For the example, the compiler would provide overrides for

invoke(arg1, arg2)
invoke(arg1, arg2, arg3)
doInvoke(arg1, arg2, arg3, args)

that implement the code supplied in each case of the function definition. Ask yourself: What should be the default implementations for all the other invoke and doInvoke overloads?

For invoke the behavior is different for those with fewer than the required arity and those with more:

If there are fewer than the required arguments, the call should fail.
If there are more than the required arguments, the call should delegate to doInvoke(arg1, arg2, arg3, args)

The distinguishing factor is the required arity. For an invoke with fewer arguments than the required arity, we should fail. If we have more arguments than the required arity, then we should call the overload of doInvoke that takes the required arity plus the rest argument.

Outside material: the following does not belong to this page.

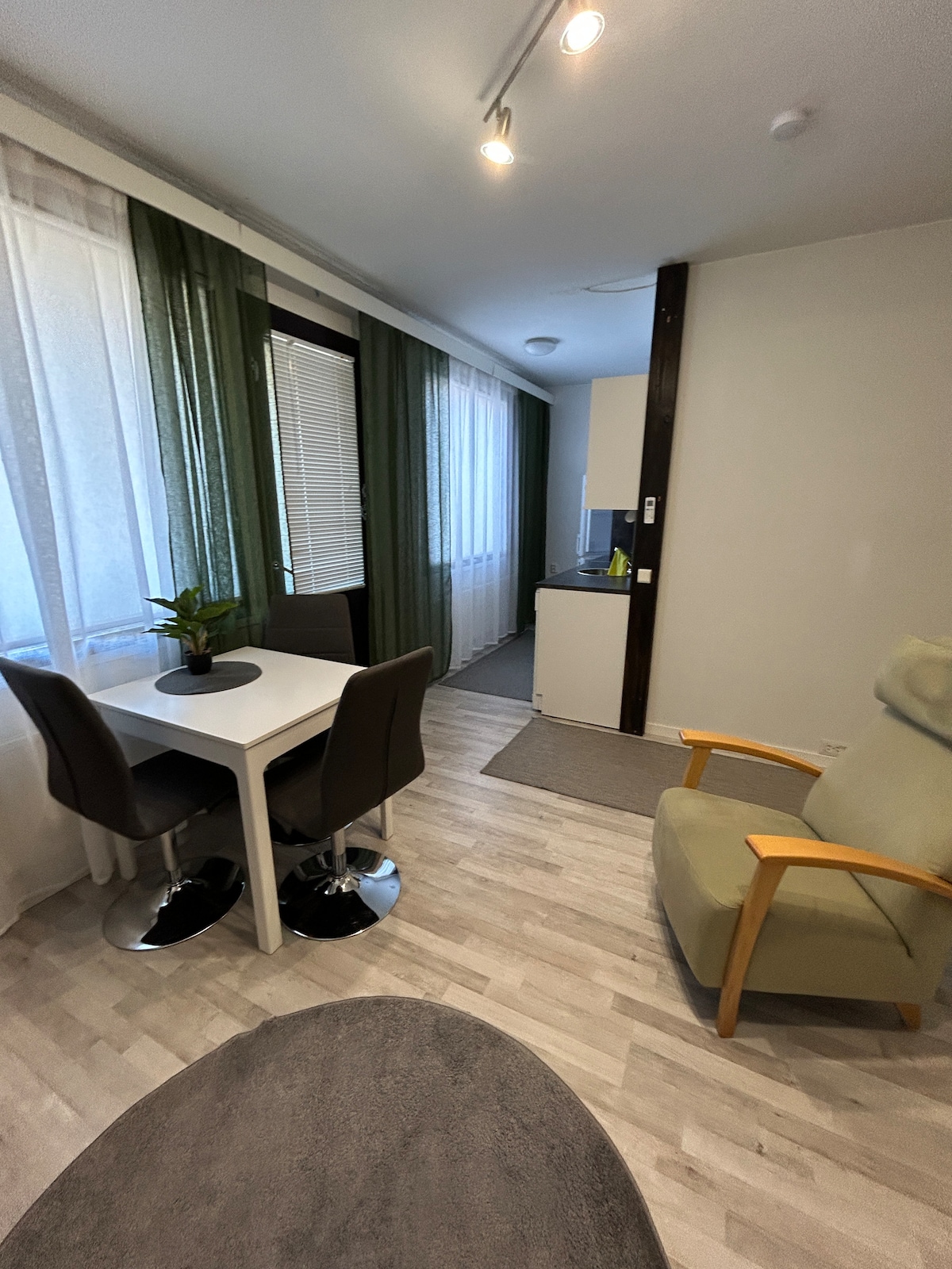 Apartmen satu bilik tidur berperabot. Tasik 400m . No beach of its own.Fishing, sledding.hunting. Ketenangan alam semula jadi. Kemungkinan tab mandi air panas. Pintu masuk sendiri. Sauna tersedia dengan pintu masuk persendirian. Mesin basuh dan pengering turut disediakan. Sauna luar juga boleh digunakan. Jarak dari bandar kira-kira 35 km. Peluang yang sangat baik untuk menaiki kereta salji dan memancing ais. Memburu di tanah negeri (Dibenarkan). Netflix tersedia. Air paip bagus dan boleh diminum. Wifi.

Thus, all the invoke overrides are variants on this theme:

public override Object invoke(Object arg1, Object arg2, Object arg3, Object arg4)
{
    switch (getRequiredArity())
    {
        case 0:
            return doInvoke(
                ArraySeq.create(
                    Util.Ret1(arg1, arg1 = null), 
                    Util.Ret1(arg2, arg2 = null), 
                    Util.Ret1(arg3, arg3 = null), 
                    Util.Ret1(arg4, arg4 = null)));
        case 1:
            return doInvoke(
                Util.Ret1(arg1, arg1 = null), 
                ArraySeq.create(
                    Util.Ret1(arg2, arg2 = null),
                    Util.Ret1(arg3, arg3 = null), 
                    Util.Ret1(arg4, arg4 = null)));
        case 2:
            return doInvoke(
                Util.Ret1(arg1, arg1 = null), 
                Util.Ret1(arg2, arg2 = null), 
                ArraySeq.create(
                    Util.Ret1(arg3, arg3 = null), 
                    Util.Ret1(arg4, arg4 = null)));
        case 3:
            return doInvoke(
                Util.Ret1(arg1, arg1 = null), 
                Util.Ret1(arg2, arg2 = null), 
                Util.Ret1(arg3, arg3 = null), 
                ArraySeq.create(
                    Util.Ret1(arg4, arg4 = null)));
        case 4:
            return doInvoke(
                Util.Ret1(arg1, arg1 = null), 
                Util.Ret1(arg2, arg2 = null), 
                Util.Ret1(arg3, arg3 = null), 
                Util.Ret1(arg4, arg4 = null), 
                null);
        default:
            throw WrongArityException(4);
    }
}

This invoke will be invoked by call in the code with four arguments: (f 1 2 3 4). If f had a clause that takes four arguments, then we woudl be calling f’s override of the four-argument invoke. So it does not have such a case. Let’s say f has a required arity of 2. We have enought arguments to supply the minimum. Then we would end up calling doInvoke(1,2, [3, 4]), which f has an overridden. If, instead, f had a required arity of 12, then we do not have arguments. The default case kicks in and we throw an exception: Wrong number of arguments.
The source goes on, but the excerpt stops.